Objective: To explore the risk factors of adverse events during the perioperative period of transurethral resection of bladder tumor (TURBT) in bladder cancer patients with coronary atherosclerotic heart disease (CAD).

Methods: We retrospectively analyzed the clinical data of bladder cancer patients who underwent TURBT in Beijing Anzhen Hospital from June 2022 to September 2024. All patients with bladder cancer and CAD underwent coronary computed tomography angiography (CCTA) for diagnosis and assessment of CAD before surgery.
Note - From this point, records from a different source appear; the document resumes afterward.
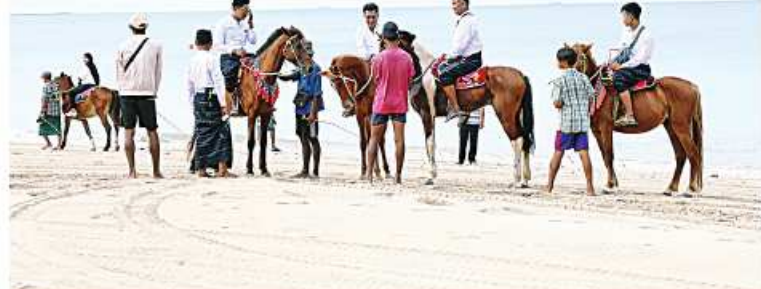
နိုင်ငံတော်ကာကွယ်ရေးတာဝန်ထမ်းဆောင်စဉ် ထိခိုက်ဒဏ်ရာရရှိခဲ့ပြီး ပြန်လည်ကောင်းမွန်လာသည့် တပ်မတော်သား အရာရှိ၊စစ်သည်များ ချောင်းသာကမ်းခြေ၌ အနားယူအပန်းဖြေခြင်းများ ဆောင်ရွက်ခဲ့ခြင်း

အဆိုပါအနားယူအပန်းဖြေခရီးစဉ်သွားရောက်ခဲ့သည့် အရာရှိ၊ စစ်သည်များကို သက်ဆိုင်ရာ တိုင်းစစ်ဌာနချုပ်အလိုက် တိုင်းမှူးများ၊ တာဝန်ရှိသူများက လိုအပ်သည်များ ဖြည့်ဆည်းဆောင်ရွက်ပေးခြင်း၊ တန်ခိုးကြီးဘုရားစေတီများ၊ အထင်ကရနေရာများ၏ ဗဟုသုတဖြစ်ပွယ်ရာ အကြောင်းအရာများနှင့် ပတ်သက်၍ လိုက်လံရှင်းလင်းပြသခြင်းများကို ဆောင်ရွက်ပေးခဲ့ရာ အရာရှိ၊စစ်သည်များအနေဖြင့် စိတ်လက်ပေါ့ပါးစွာဖြင့် ဒေသန္တရဗဟုသုတများကို လေ့လာခဲ့ကြပြီး ၎င်းတို့အတွက် လွန်စွာအကျိုးရှိသည့် ခရီးစဉ်တစ်ခုဖြစ်ကြောင်း၊ ယခုကဲ့သို့ အပန်းဖြေခရီးစဉ်သွားရောက်နိုင်ရေး စီစဉ်ဆောင်ရွက်ပေးခဲ့သည့် တပ်မတော် အကြီးအကဲများကိုလည်း ကျေးဇူးအထူးတင်ရှိကြောင်းနှင့် စိတ်ဓာတ်ခွန်အားများ ပိုမိုရရှိခဲ့ကြောင်း သတင်းရရှိသည်။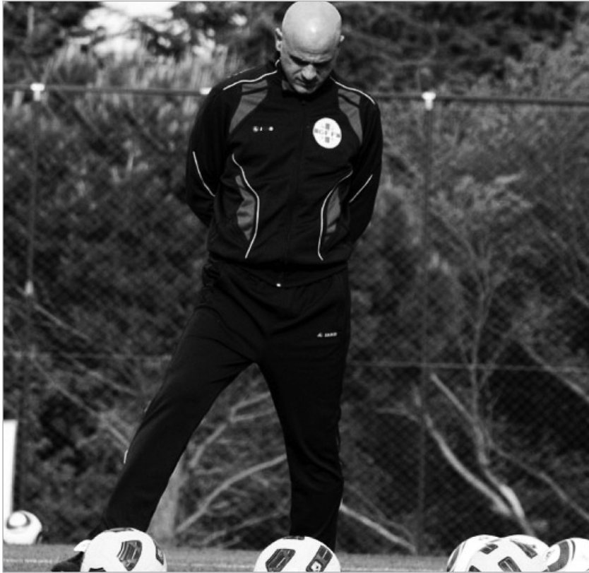
ქეცბაიას გუნდი ზედიზედ მე-4 დამარცხდა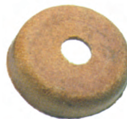
CU 01 38

Based on the CCTA results, the patients with bladder cancer and CAD were divided into two groups: those with mild to moderate coronary stenosis and those with severe coronary stenosis. The severe coronary stenosis group was further divided into two subgroups based on whether they received low-molecular-weight heparin (LMWH) bridging therapy or continued their antiplatelet treatment before surgery. Perioperative anticoagulation and antiplatelet strategies were adjusted according to the opinions of the specialists. The incidence of adverse events within 30 days postoperatively was followed up and analyzed.
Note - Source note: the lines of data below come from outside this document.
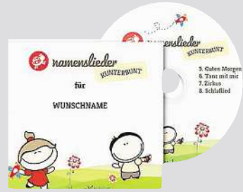
Auf dieser CD sind acht Lieder für Ihre Liebsten.

Kinderbibel: In der persönlichen Kinderbibel erzählt Jesus eindrucksvoll dem Kind aus seinem Leben. Mit Gleichnissen gibt er der Hauptperson nützliche Hinweise für den Umgang mit seinen Mitmenschen. Mit der persönlichen Widmung auf der ersten Seite erfüllt das Buch den Wunsch des Schenkenden nach einer einzigartigen Gabe – beispielsweise zur Kommunion. Die Texte sind kind- bzw. jugendgerecht (Altersempfehlung: 4-15 Jahre) und besonders fantasievoll illustriert. Aboplus-Preis: 18,80 € (inkl. Versandgebühr). Bestellung online unter: www.verlagbuch.de/aboplus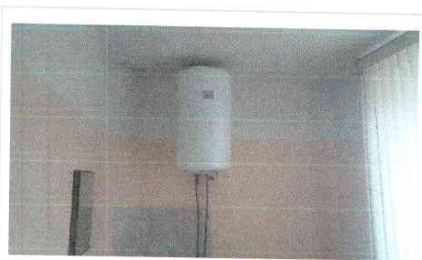
Ūdens sildītājs virtuvē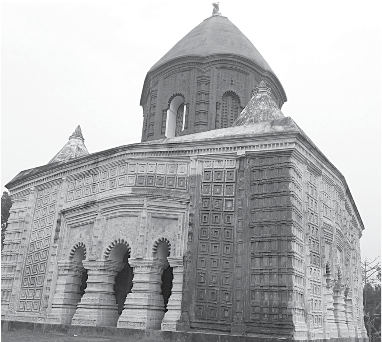
The Pancho Mondir in Naldanga of Jhenidah's Kaliganj upazila is slowly getting its splendour back during the ongoing renovation work.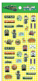
くしろ湿原ノロッコ号 シールセット 800 円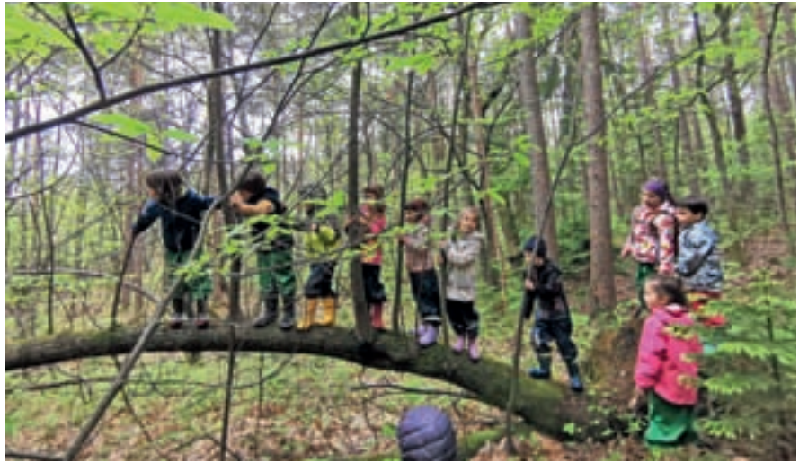
Gozdne dejavnosti vrtca Čriček

Prednostna naloga in prepoznavna vizija vrtca Čriček je bivanje in dejavnosti v naravnem okolju. V letošnjem letu smo si vzgojiteljice zadale »gozdne« cilje s področja varnega in spodbudnega učnega okolja, kar gozd vsekakor je. Hkrati pa je pomembno tudi doživljanje gozda z vsemi petimi čutili, ki pa se nadgrajujejo s še dvema manj znanima, a zelo pomembnima čutoma: propriocepcijo, ki je zavedanje telesa, občutek lastnega gibanja, sile in položaja telesa, in vestibularnim čutom (ravnotežno čutilo), ki je vseskozi aktiviran na neravnih gozdnih površinah, pri plezanju, premagovanju ovir, hlodov v gozdu, pri vzpenjanju in spuščanju, gujanju ... V našem vrtcu se zavedamo, da dobro razvit vestibularni sistem nima vpliva samo na ravnotežje, ampak bistveno vpliva na učenje. Ponujamo različne dejavnosti, omogočamo pa tudi veliko proste igre v gozdu. S tem seznanjamo tudi starše in jih z dejavnostmi v

Results: A total of 80 bladder cancer patients with CAD who underwent TURBT were included in the study. Among the 80 patients with CAD, 55 (68.8%) had mild to moderate coronary stenosis, and 25 (31.2%) had severe coronary stenosis. Compared with those had mild to moderate coronary stenosis, the patients who had severe coronary stenosis had a higher incidence of postoperative bleeding and pulmonary embolism, although the differences were not statistically significant (P>0.05). However, the incidence of postoperative myocardial infarction was significantly higher in the patients who had severe coronary stenosis (P=0.034). Among the patients with severe coronary stenosis, 8 (32.0%) received LMWH bridging therapy before TURBT, and 17 (68.0%) continued their previous antiplatelet treatment. Compared with those who continued antiplatelet treatment, the patients who received LMWH bridging therapy had a higher incidence of postoperative bleeding and pulmonary embo-lism, although the differences were not statistically significant (P>0.05). However, the incidence of postoperative myocardial infarction was significantly higher in the LMWH bridging group (P=0.032).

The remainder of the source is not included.